Afterthought #37 Words Matter


It will take some time to integrate all that I heard today at Seattle University’s 7th Annual Search for Meaning Book Festival.

BooksIt will take even longer for me to read the books I brought home, written by several of the 55+ authors who presented.

Some of my reflections and new understandings likely will make their way into future essays and blog posts. But tonight, for this month’s Afterthought, I’ll share some wisdom from Krista Tippett, the closing keynote speaker.

Krista Tippett

Tippett, producer and host of public radio’s On Being, believes we’re “in the midst of a reformation of all of our institutions.” She offered “encouragements” to do the civic, human, spiritual work she believes we’re all called to in these times:

  • rediscover generous questions (the kind that invite honesty) as spiritual virtues and civic tools
  • honor the difficulty of what we face and create safe spaces for human connection
  • develop eyes to see and ears to hear the good news that doesn’t always get through the “broken radar” of the media
  • words matter—they shape how we interpret the world and how we treat others.

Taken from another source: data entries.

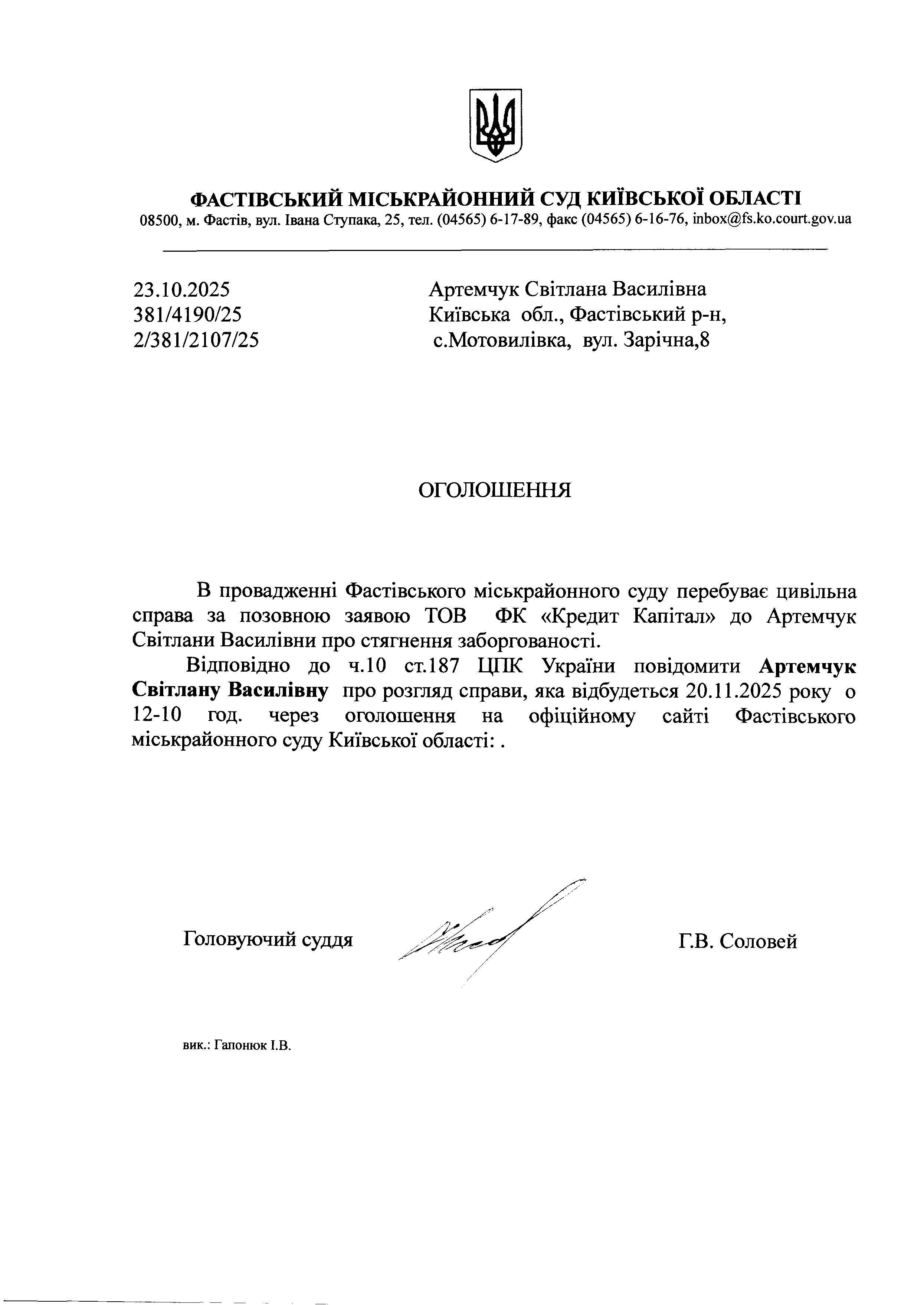 Артемчук Світлана Василівна Київська обл., Фастівський р-н, с.Мотовилівка, вул. Зарічна,8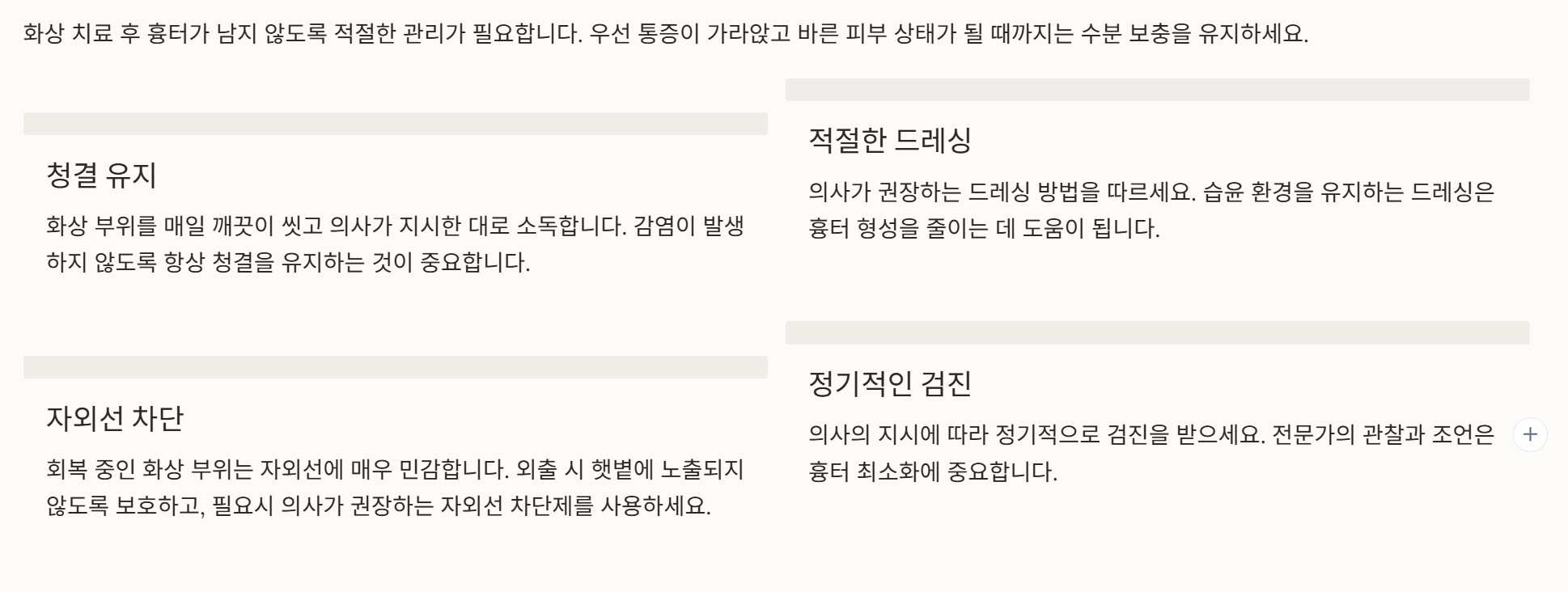 - 전문가 치료: 화상이 심각한 경우, 화상 전문의의 진료를 받아 치료 계획을 세워야 합니다. 피부 이식이나 추가적인 치료가 필요할 수도 있습니다.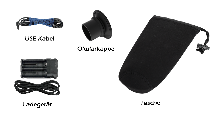 | Standardlieferumfang | Okular-Aufsatz, Aufbewahrungstasche, Ladegerät, 7-poliges Lemo zu USB Kabel |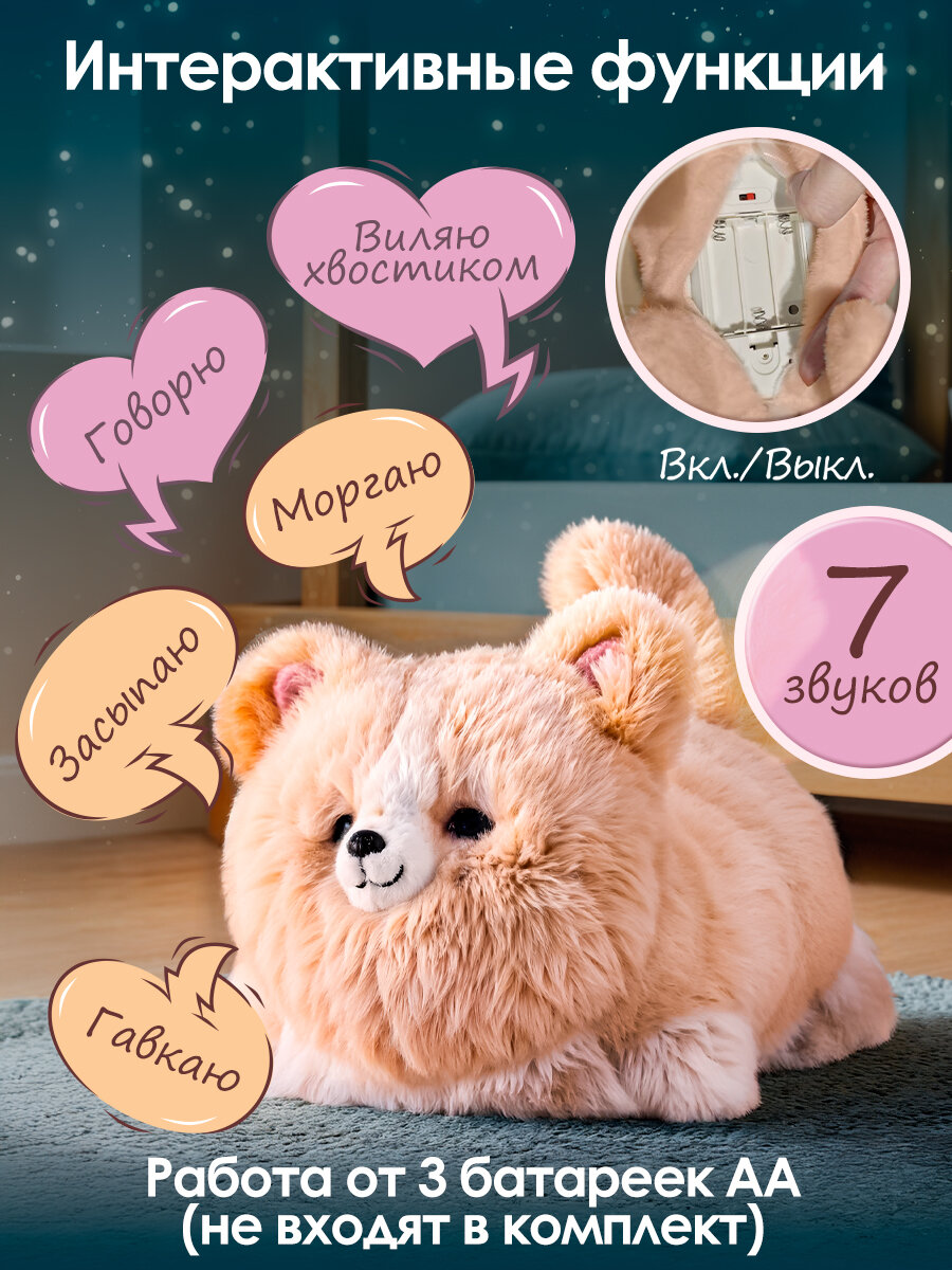 Обладает следующими интерактивными функциями: гавкает и моргает. Будет засыпать вместе с малышом. Для этого уложите щеночка на левый бочок или на спинку, он закроет глазки и уснет. Удерживайте руку возле головы, поступит звуковой сигнал, после него он будет дублировать то, что вы ему говорите. Если погладить его по спине или обнять - он издаст звуки. Работает на 3 батарейках АА (нет в комплекте).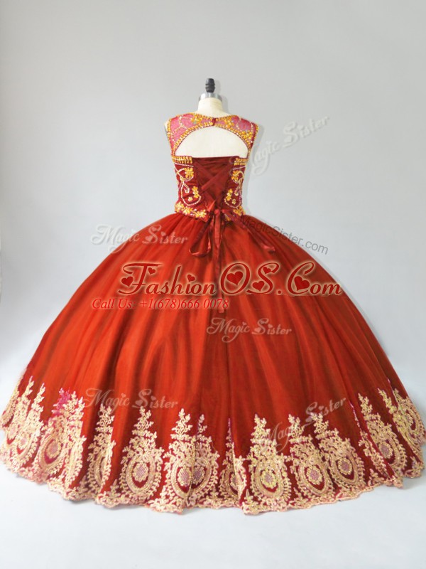 Home >  Quinceanera Dresses >  Quinceanera Dresses 2019 > Traditional Scoop Sleeveless Lace Up Ball Gown Prom Dress Rust Red Tulle

Throughout the day I noted some of the words I heard repeatedly as writers talked about their work: rootedness, witness, prayer, faith, divinity, awe, discernment, transformation, mystery.

These words matter.

“Afterthoughts” are my blog version of a practice followed in some Quaker meetings. After meeting for worship ends, people continue in silence for a few more minutes during which they’re invited to share thoughts or reflect on the morning’s worship. I’ve adopted the form here for last-day-of-the-month brief reflections on headlines, quotes, comments overheard, maybe even bumper stickers.


  1. As always, thanks for this. I try not to be envious, as a spiritual discipline, so instead, I’ll just be happy for you to get to be in the same space with Krista Tippett. She is so lovely, I got to see her here in Phila. Many years ago when she was here to tape an episode of “On Being” with a Quaker astro-physicist named Ellis from (I think) South Africa. Be well, dear friend.

  2. Krista’s words resonate with me this morning, as I’ve been grappling with the question of what it means to write a popular book. I’ve decided I want to write what I want to write, which feels more real and more honest, but I know will also probably destine my books to non-fame. It’s affirming to think of what I do as doing good work rather than banging my head against a wall. 🙂

  3. Ah, Gretchen, you definitely are doing good work. Your writing (and especially your books) creates those safe spaces for human connection that Krista Tippett spoke about. And your words matter – Jocelyn’s story (in the Flying Burgowski trilogy) conveys the difficulty many people face and offers powerful ideas about how to interpret the world and how to treat others, all through good storytelling. Grapple away, and keep writing!